23 March 2011

One remaining absolute

"Many terrorists are nihilists, who wish to vent their disappointment by destroying the sham society by which they are surrounded. ... But nihilism is the other side of religion: it is the disappointed howl of the believer on discovering that God is dead. The true nihilist is incapable of settling for the world of compromise, toleration, and secular loyalties that the rest of us enjoy, since it is a world deprived of absolutes. The death of God leaves only one remaining absolute, which is Nothingness. The duty to annihilate is the last remaining glimpse of the transcendental in the heart of the one who has lost all belief in it and who cannot live with the loss. ...
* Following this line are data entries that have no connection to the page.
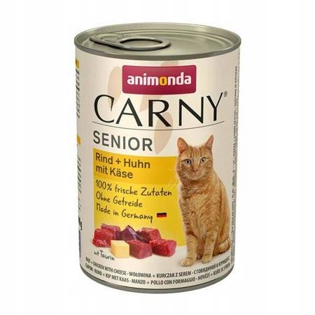 ANIMONDA Carny Senior je mokra hrana z govedino, piščancem in sirom za vse starejše mačke. Hranjenje starejših mačk zahteva posebno pozornost, saj je ključnega pomena, da jim zagotovimo vse sestavine, ki bodo podpirale njihovo odlično zdravje, kondicijo in agilnost. Oblika hrane je prav tako pomembna, saj spodbuja prehranjevanje in olajša žvečenje. Da bi zadostili edinstvenim potrebam starejših mačk, je ANIMONDA ustvarila serijo Senior na osnovi svežega mesa, ki je odličen vir beljakovin. Za razliko od psov so mačke mesojedci, zato so živalske beljakovine bistvenega pomena za njihovo zdravje. Podpirajo zdravo telesno strukturo, kar je še posebej pomembno, ko se vaša mačka stara. Vitka postava in zadostna mišična masa bosta pripomogli k ohranjanju vitalnosti dlje časa in ne bosta dodatno obremenjevali sklepov. Mokra formula bo v kombinaciji z odličnim okusom spodbudila k prehranjevanju tudi najbolj izbirčne jedce. Kompleks dragocenih aminokislin in mineralov bo podpiral pravilno delovanje notranjih organov, rastlinske vlaknine pa bodo izboljšale občutljiv prebavni sistem.
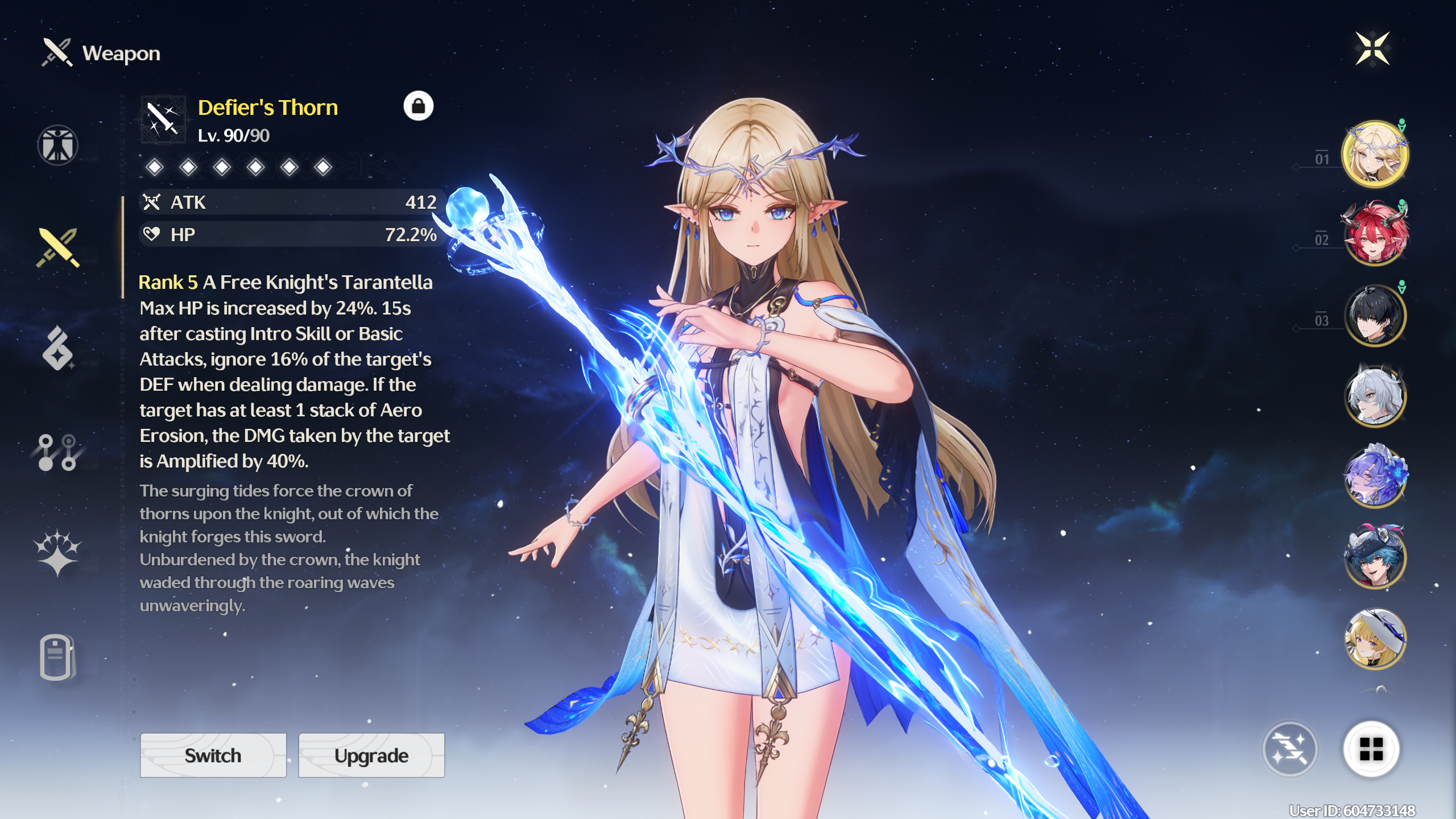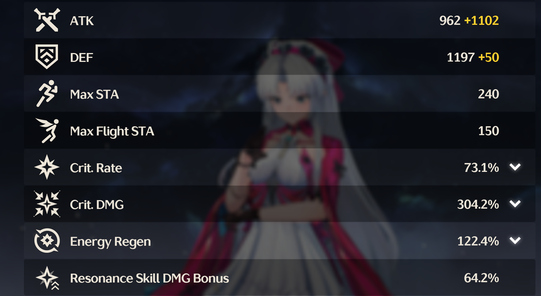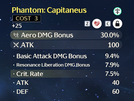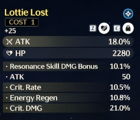 Base ATK 587 | Crit Rate 24.3% Passive - Increase ATK by 12%. Within 12sec of dealing Echo DMG, Resonance Skill DMG by 32%, Echo DMG is Amplified by 32%, and DMG dealt will ignore 8% of the target’s DEF (STC)
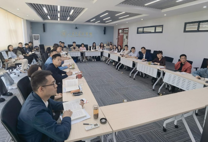 本次会议在青岛校区华岗苑北楼三楼中厅会议室和济南校区逸夫楼112会议室同步进行,学院党委委员、领导班子成员及学院党支部书记等参加会议。
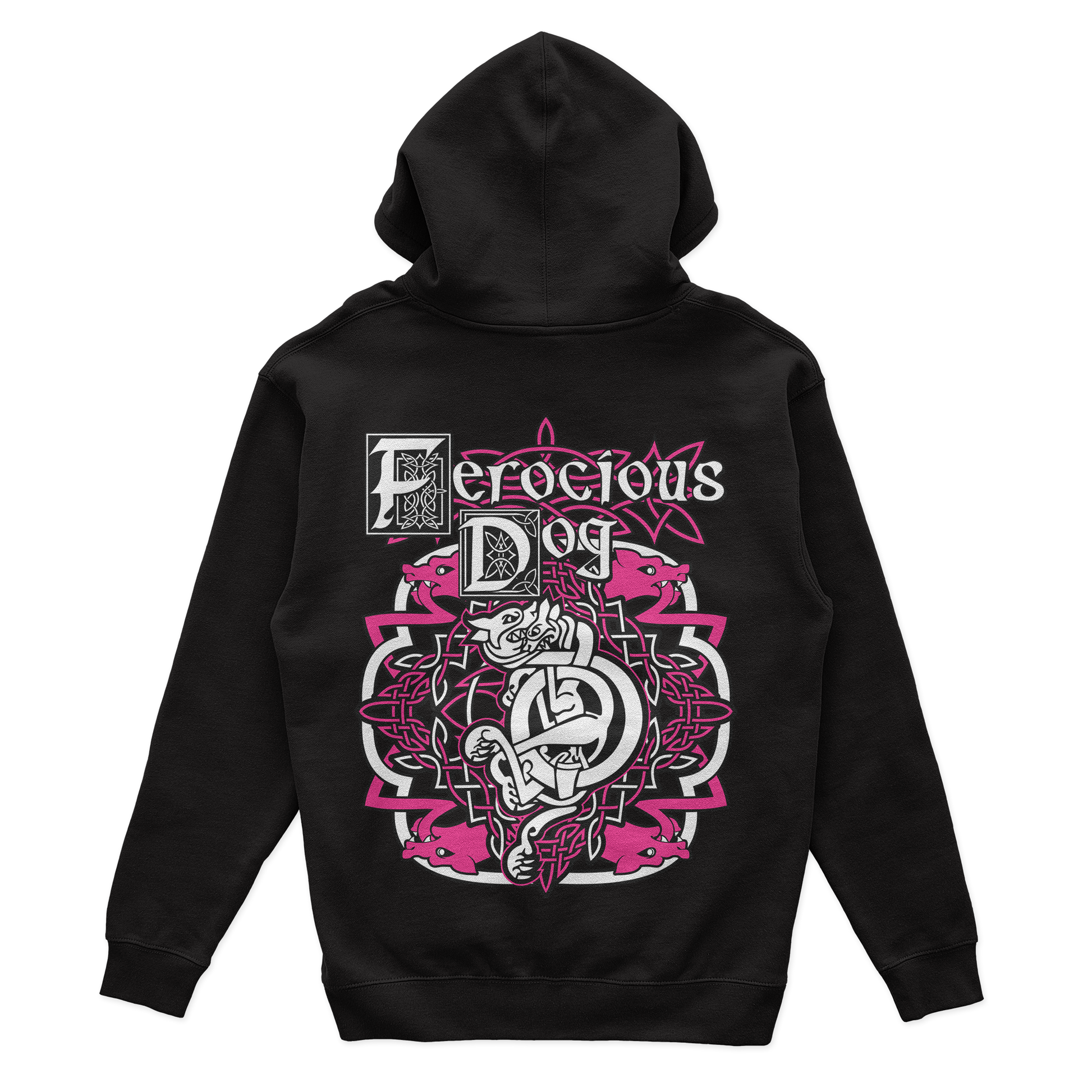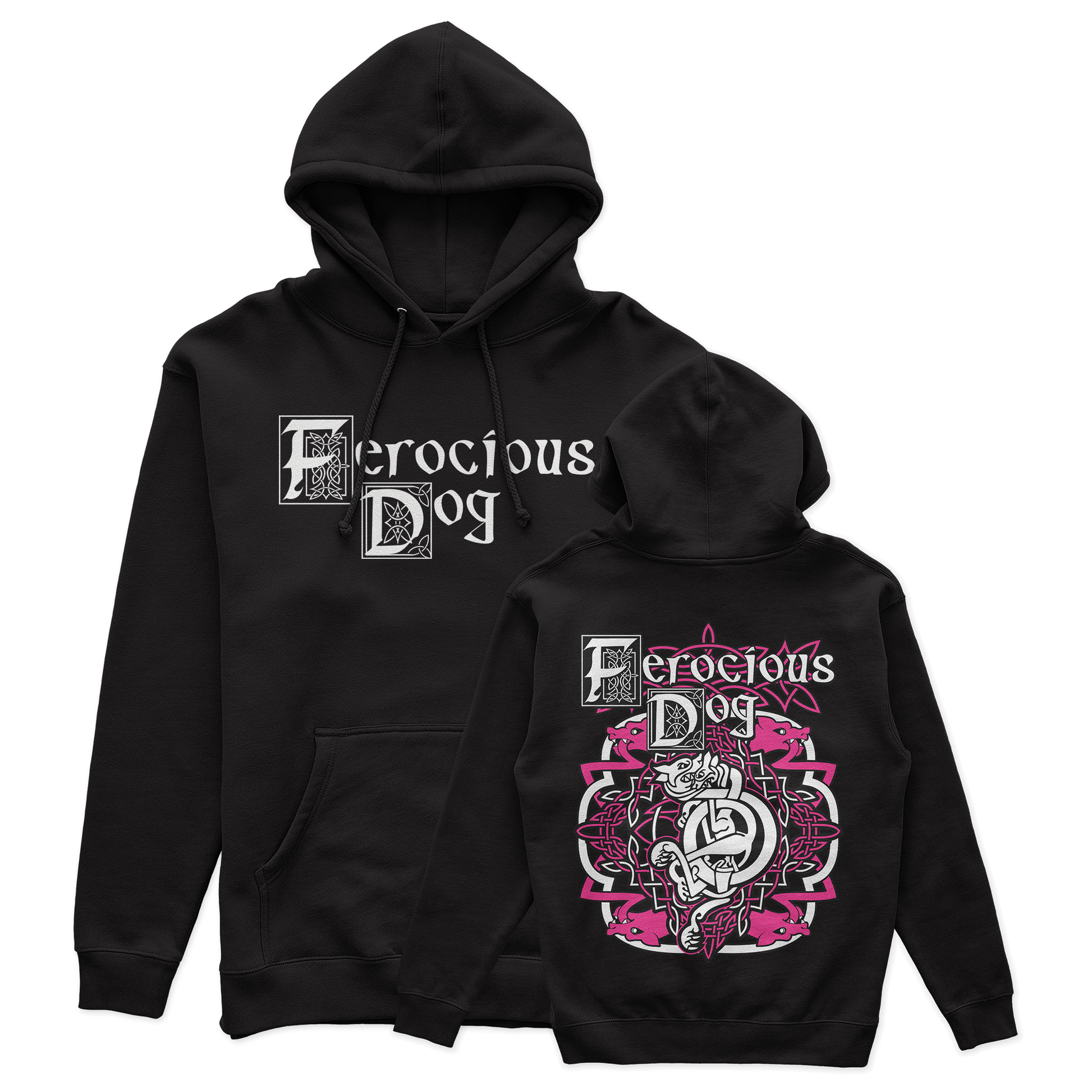 Inspired by the roots of Ferocious Dog, the Celtic Throwback Unisex Pullover Hoodie combines elements of the original band logo with the iconic Cry of the Celt design. Featuring bold Pink and White Celtic knotwork surrounding a fierce hound, this tee makes a powerful statement of heritage and rebellion.
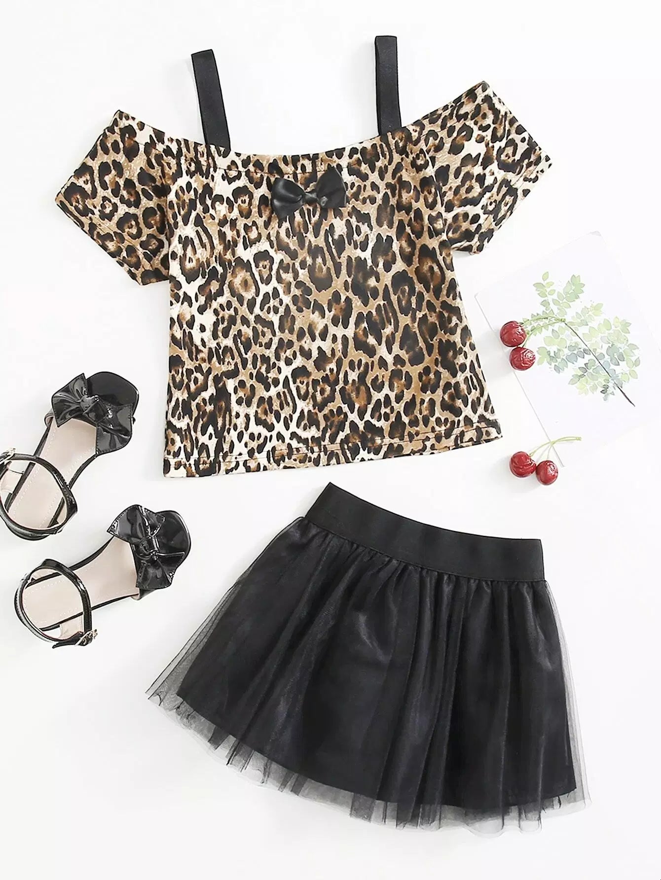 Toddler Girls Leopard Print Bow Front Tee & Skirt
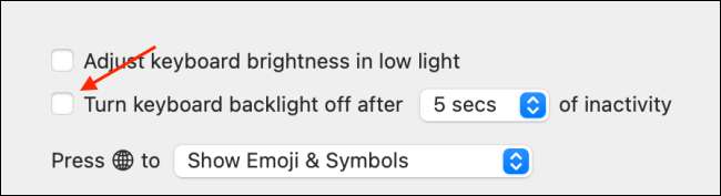 Desde la pestaña "Teclado", haga clic en la marca de verificación junto a la opción "Encienda la luz de fondo del teclado después de 5 segundos de inactividad".
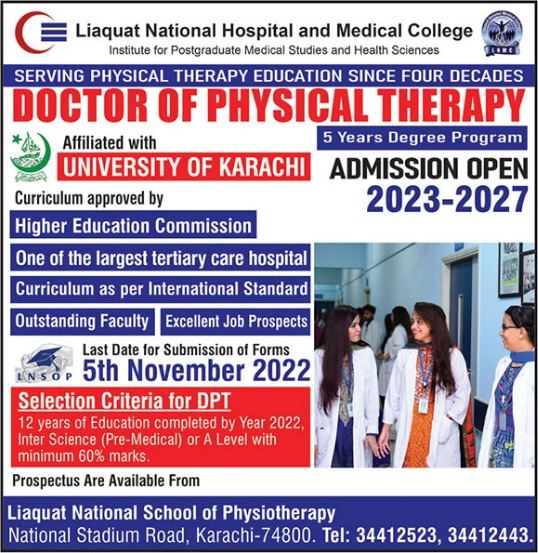 Admissions in Liaquat National Hospital and Medical College 2022 for Doctor of Physical Therapy 5 Years Degree Program. has been announced. Students can enroll for admissions in Liaquat National Hospital and Medical College Karachi Sindh Pakistan for academic year 2022 to continue campus based or online education in Medical College. Students who want to enroll for academic session 2022 in DPT qualification and admission criteria for Private institute can apply till last date 5 November 2022. Read newspaper ad for exact details.

 "Globalization  has plunged the Islamic world into crisis by offering the spectacle of a secular society maintained in being by man-made laws, and achieving equilibrium without the aid of God. It has also obliterated many of the customs and ways of life of the Muslim people, extinguishing ancient pastoral traditions and replacing them with a phony and humiliating economy of pure consumption, fed not by labor but by oil. At the same time it has re-awakened the age-old nostalgia for a reign of goodness, in which those who corrupted the Prophet's community will be finally destroyed, and the true order of shari'a established on earth. The resulting psychological mixture is explosive, and is bound to prompt young Muslims to express their discontent with the regimes that govern them, with the global economy that finances those regimes, and with the impious way of life that is intruding everywhere into the dar al-islam." (The West and the Rest: Globalization and the Terrorist Threat, Roger Scruton, 2002; page  157-8).